# Work item
The required answer is an exact copy of every line from the beginning of the entries through the line with "A recent BLOG", with all pictures omitted.
Start of Given information
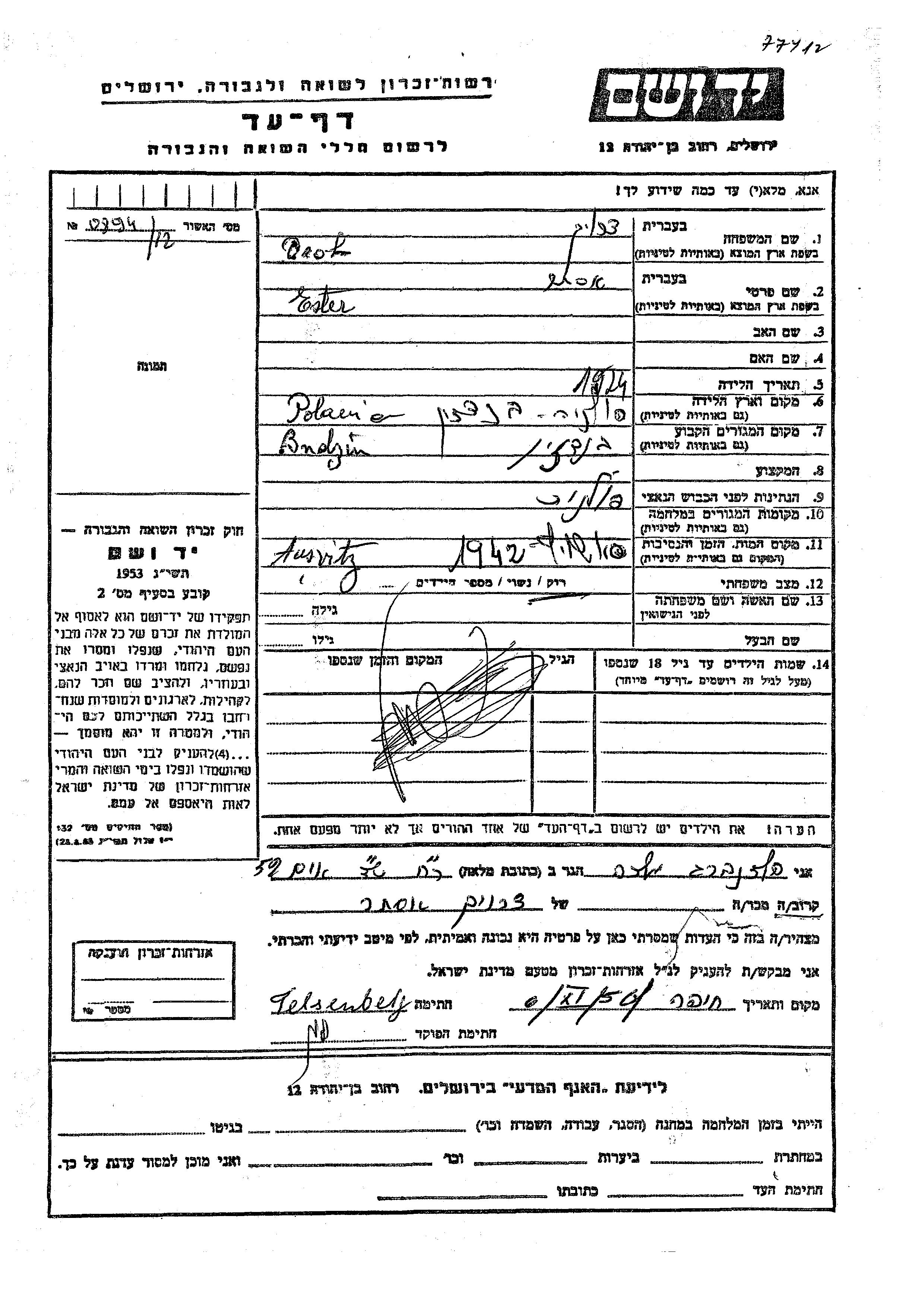 Droh Ester 1924 Bendzin, Polonia Hoja de Testimonio
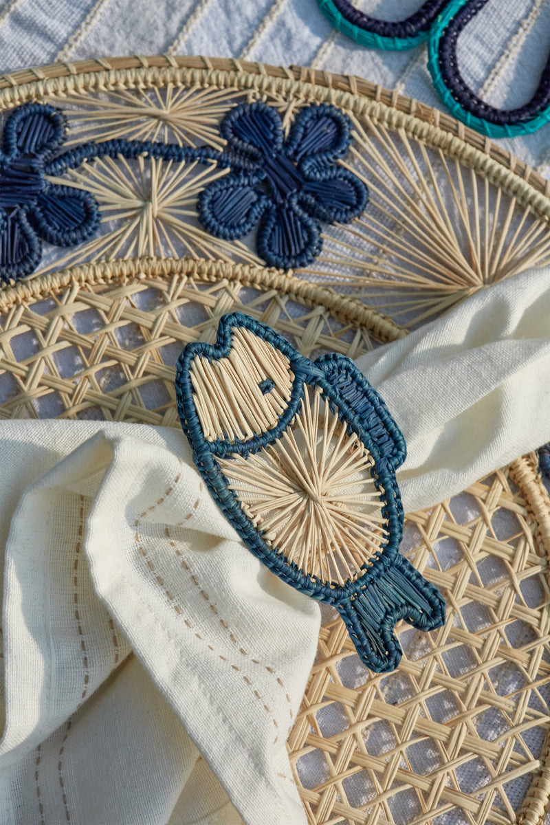 The Fish Napkin Ring is sold in a set of 4 and is sure to add a pop to your table. Beautifully crafted from Iraca palm and a wire frame, these are perfect for dinner parties or casual lunches!
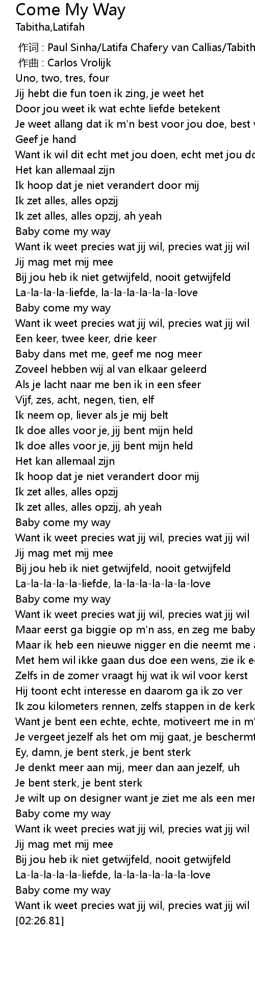 | [01:26.99] | Jij mag met mij mee |
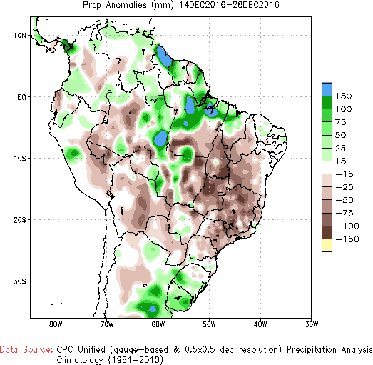 A recent BLOG I posted discussed the differential in prices between Arabica blends (traded in New York), and Robusta blends (grown in Vietnam, Indonesia and NE Brazil and traded in London). I have been bullish Robusta coffee for more than a year due to global weather issues. Now we can see some developing dryness in some key Arabica coffee areas. Though not a major concern right now, some research I have done suggest off and on dryness into February that may compromise just a bit the 2017 crop.
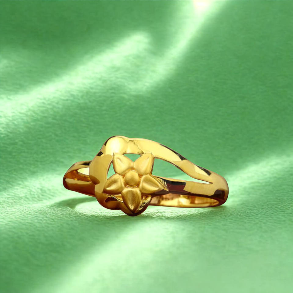 แหวนทองรูปดอกไม้หกกลีบแบบคลาสสิก | ดีไซน์ทันสมัย น้ำหนักเบาเพียง 2 กรัม เหมาะสำหรับสวมใส่ในชีวิตประจำวัน | เครื่องประดับทองคำสีเหลืองสำหรับผู้หญิง
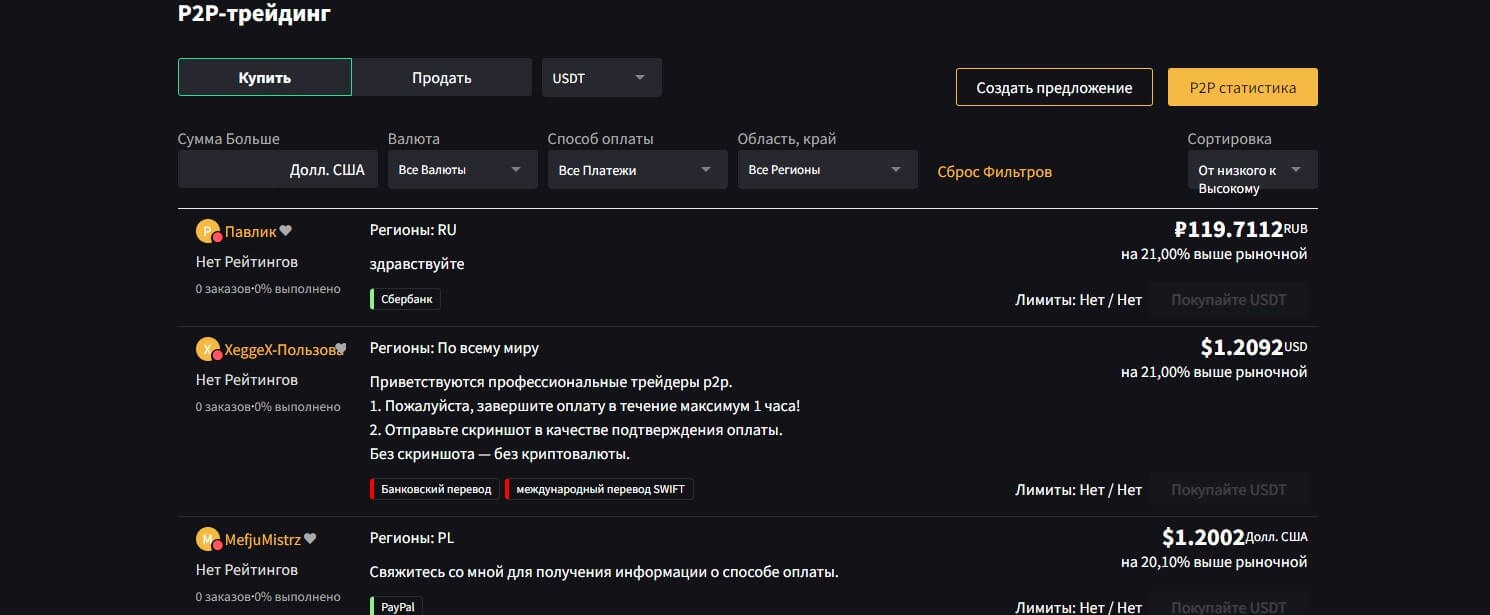 Что такое P2P на криптовалютой бирже Xeggex
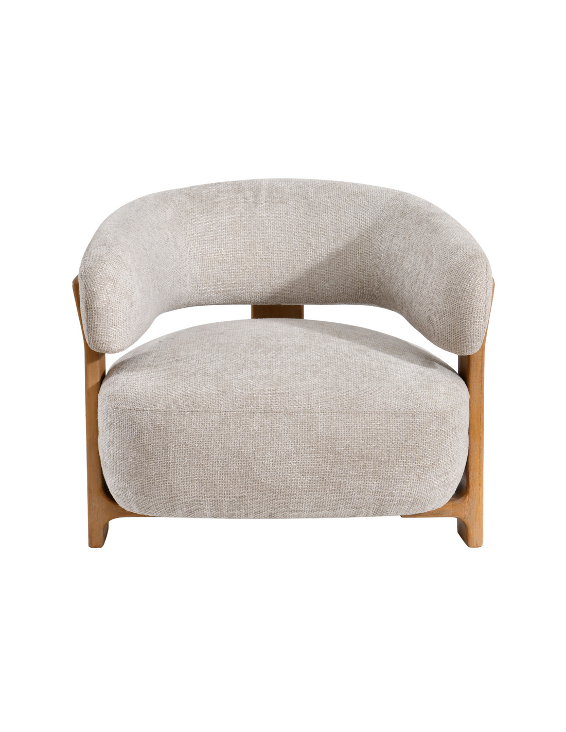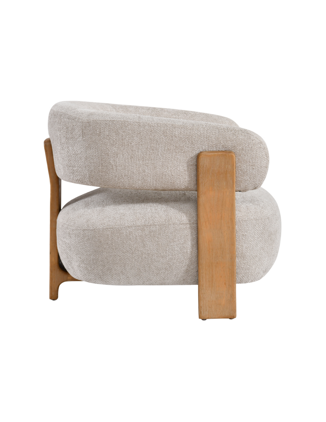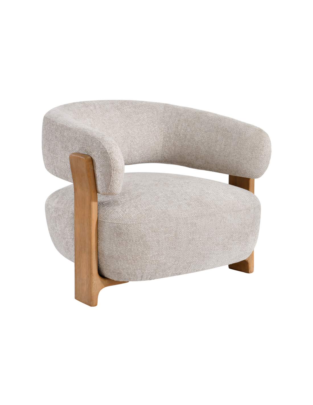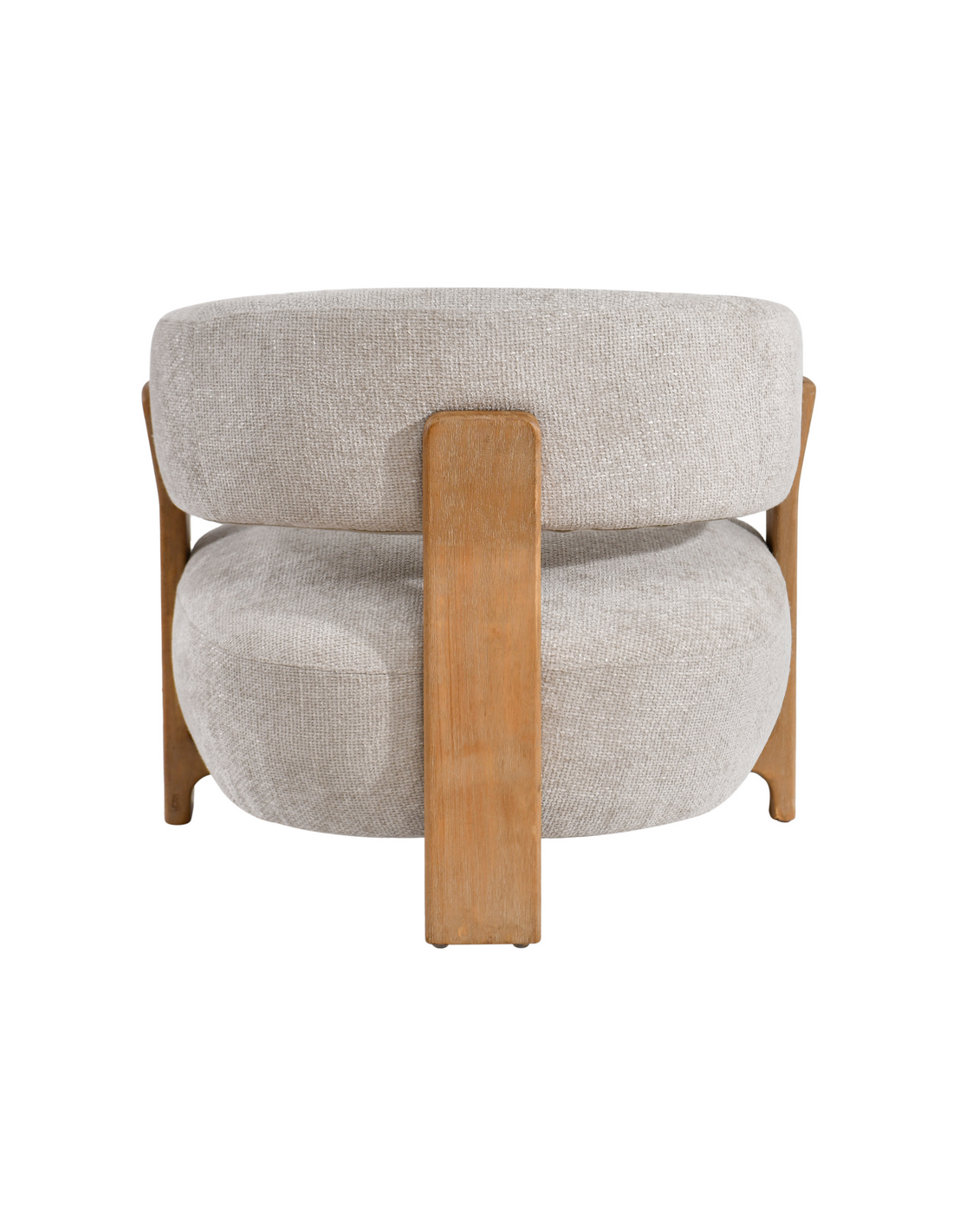 MIRE Lænestol i gummitræ og polyester H71 cm - Lys natur/Lysegrå
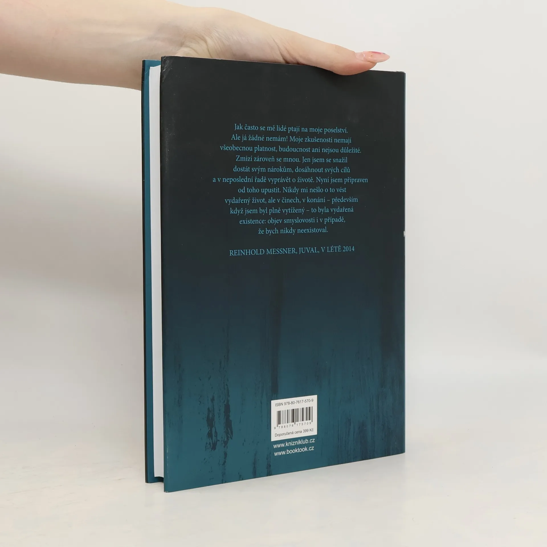 Vzpomínková kniha světoznámého horolezce, světoběžníka a pokořitele osmitisícovek a mnoha dalších horských vrcholů Reinholda Messnera podává propracovaný obraz bohatého, naplněného a současně spletitého života výjimečné osobnosti nejen horolezeckého sportu. Autor začíná líčením svého dětství v jihotyrolském Villnössu, jeho kniha však není jen prostým popisem jeho zážitků, životních peripetií a osudových zvratů, nýbrž se v ní vyznává ze svých mravních hodnot, politických názorů, a vše poutavým způsobem prokládá filozofickými úvahami o lidském životě jako takovém a umění člověka žít a prožít naplněný život.
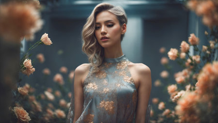 A serene young woman dressed in a green outfit adorned with delicate flower embellishments, stands out in a softly lit setting, her gaze tender, exuding an air of quiet confidence and grace.
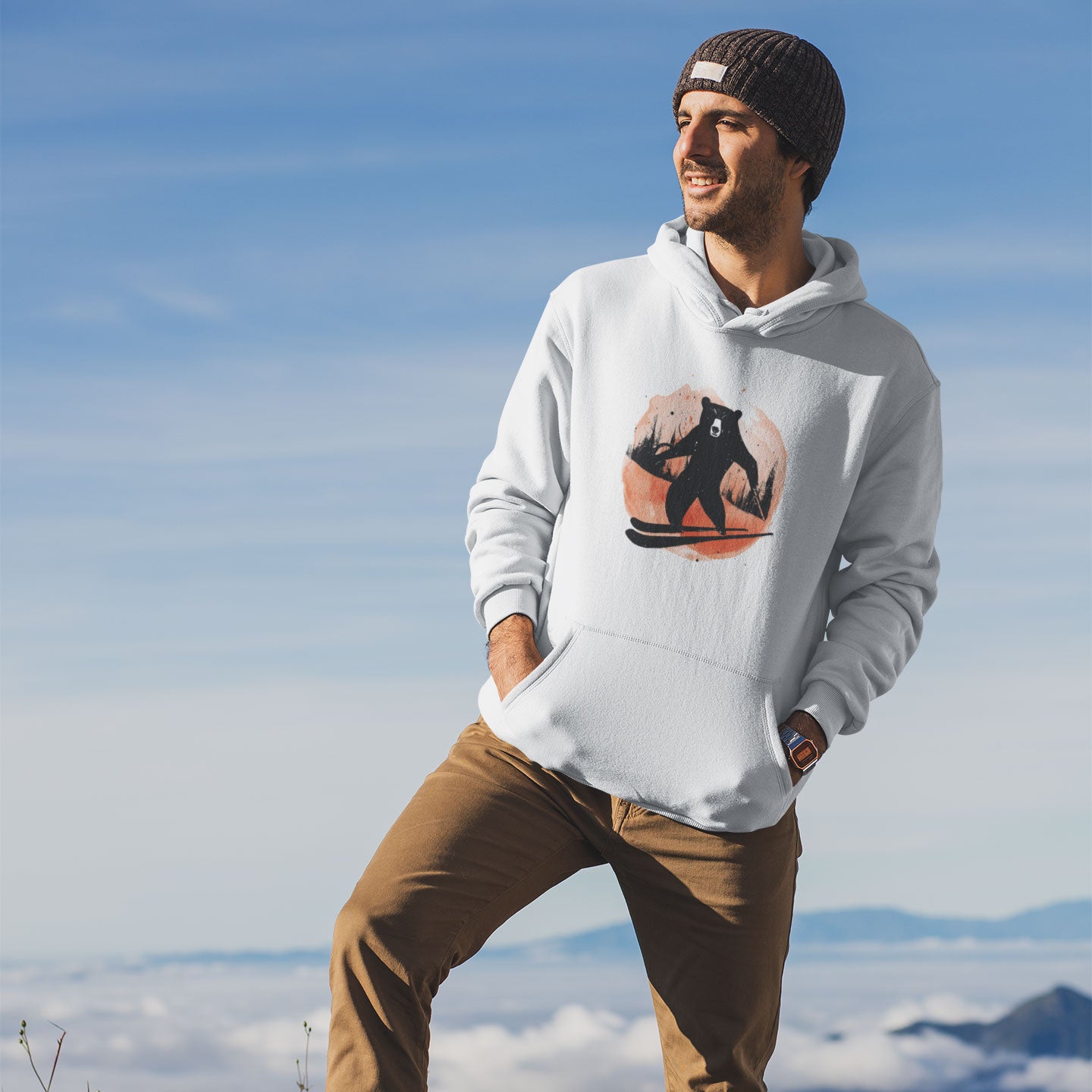 Skiing Bear Print Premium Unisex Pullover Hoodie
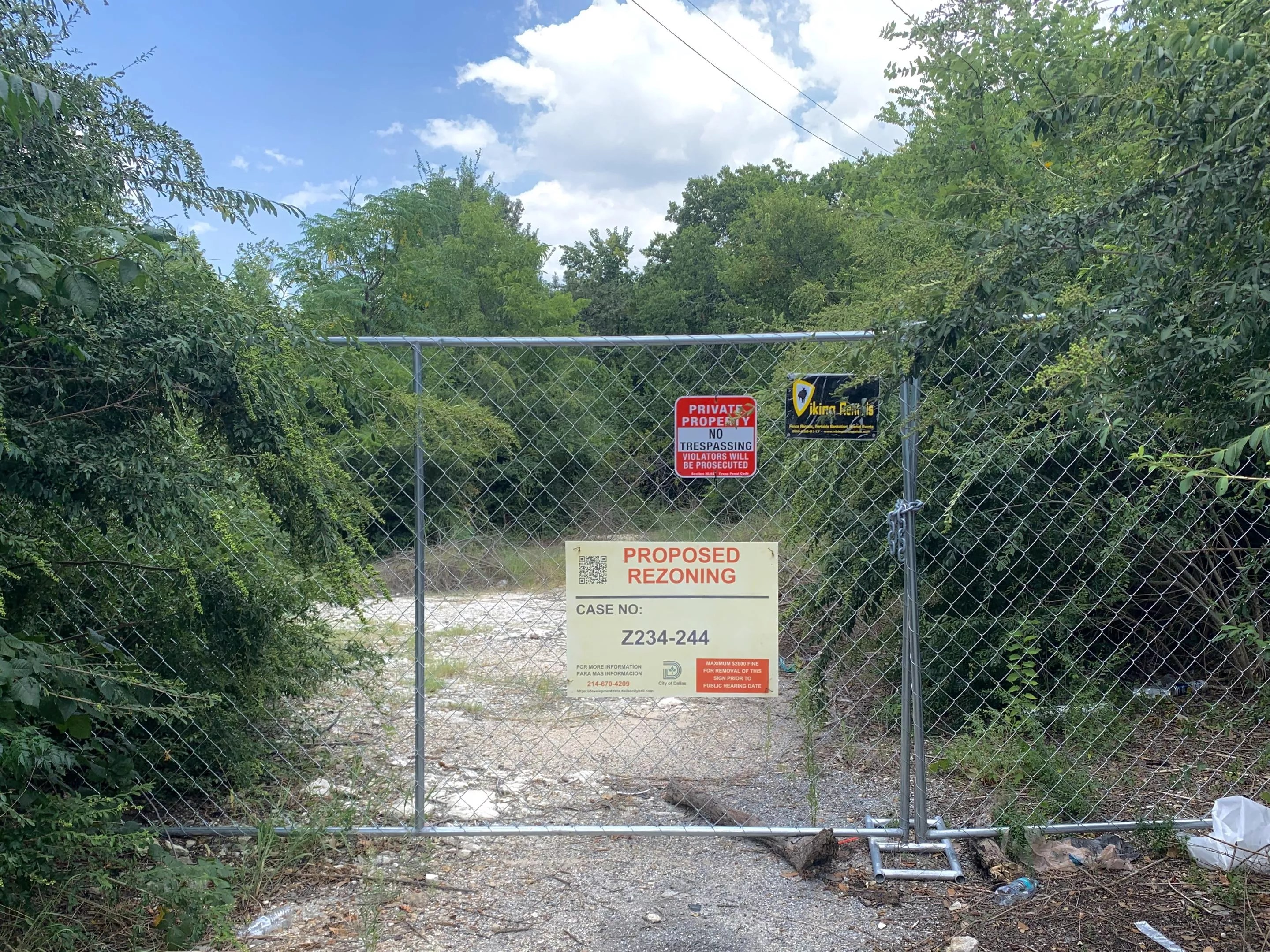 The overgrown, sloping terrain between the creek and the neighborhood is owned by Christian Chernock, a long-time Oak Cliff resident and developer, who also happens to be the district’s representative on the City Plan Commission.
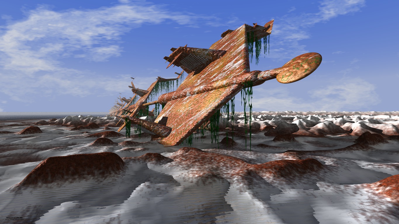 Rusty space ship within a frozen landscape.
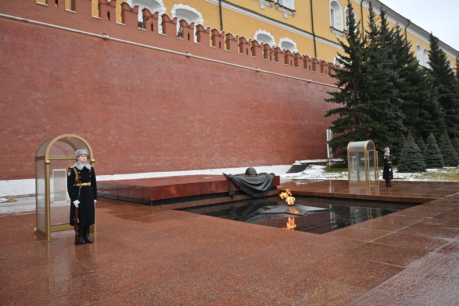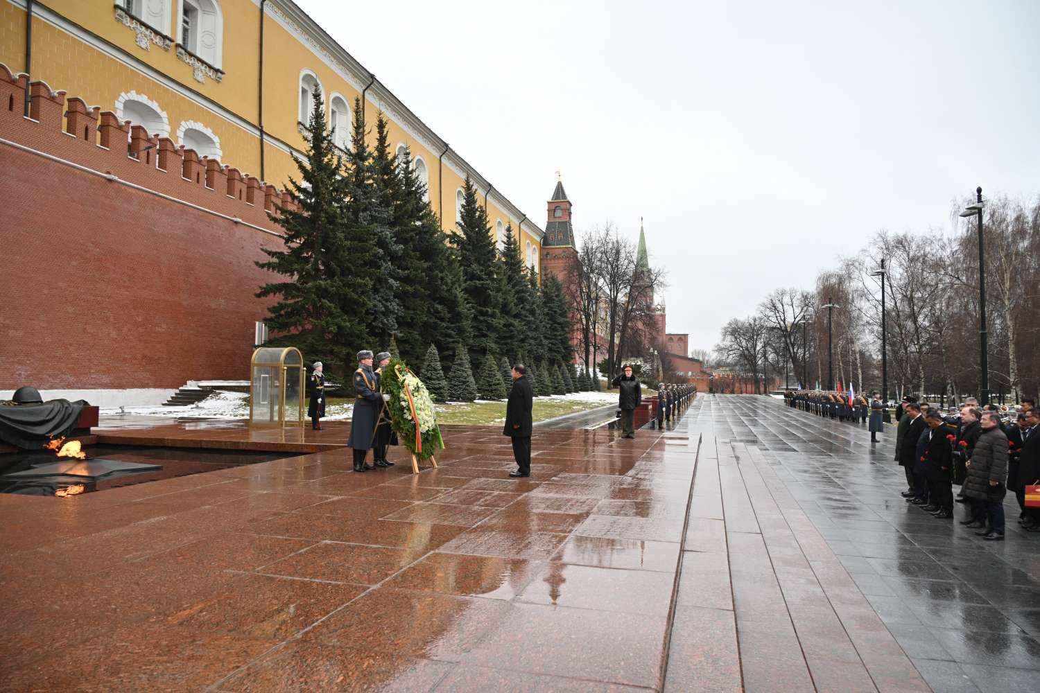 ရုရှားဖက်ဒရေးရှင်းနိုင်ငံ၊ မော်စကိုမြို့သို့ တရားဝင်ချစ်ကြည်ရေးခရီးရောက်ရှိနေသည့် နိုင်ငံတော်စီမံအုပ်ချုပ်ရေးကောင်စီဥက္ကဋ္ဌ နိုင်ငံတော်ဝန်ကြီးချုပ် ဗိုလ်ချုပ်မှူးကြီး မင်းအောင်လှိုင်သည် ယနေ့နံနက်ပိုင်းတွင် မော်စကိုမြို့ရှိ အညတရစစ်သည်ဂူဗိမာန်၌ လွမ်းသူပန်းခွေချအလေးပြုသည်။
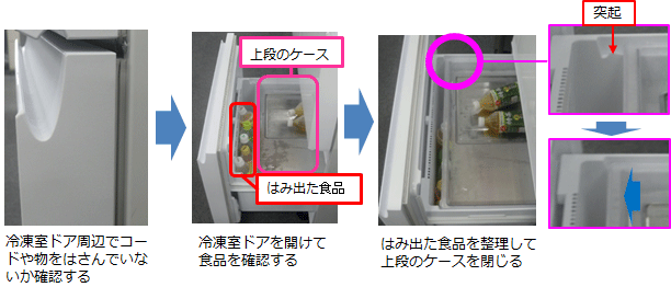 隙間があるときは、冷凍ケース(下)の食品がはみ出して上側ケースで挟んでいないか確認してください。
End of Given information
# Task response
 Droh Ester 1924 Bendzin, Polonia Hoja de Testimonio
 The Fish Napkin Ring is sold in a set of 4 and is sure to add a pop to your table. Beautifully crafted from Iraca palm and a wire frame, these are perfect for dinner parties or casual lunches!
 | [01:26.99] | Jij mag met mij mee |
 A recent BLOG I posted discussed the differential in prices between Arabica blends (traded in New York), and Robusta blends (grown in Vietnam, Indonesia and NE Brazil and traded in London). I have been bullish Robusta coffee for more than a year due to global weather issues. Now we can see some developing dryness in some key Arabica coffee areas. Though not a major concern right now, some research I have done suggest off and on dryness into February that may compromise just a bit the 2017 crop.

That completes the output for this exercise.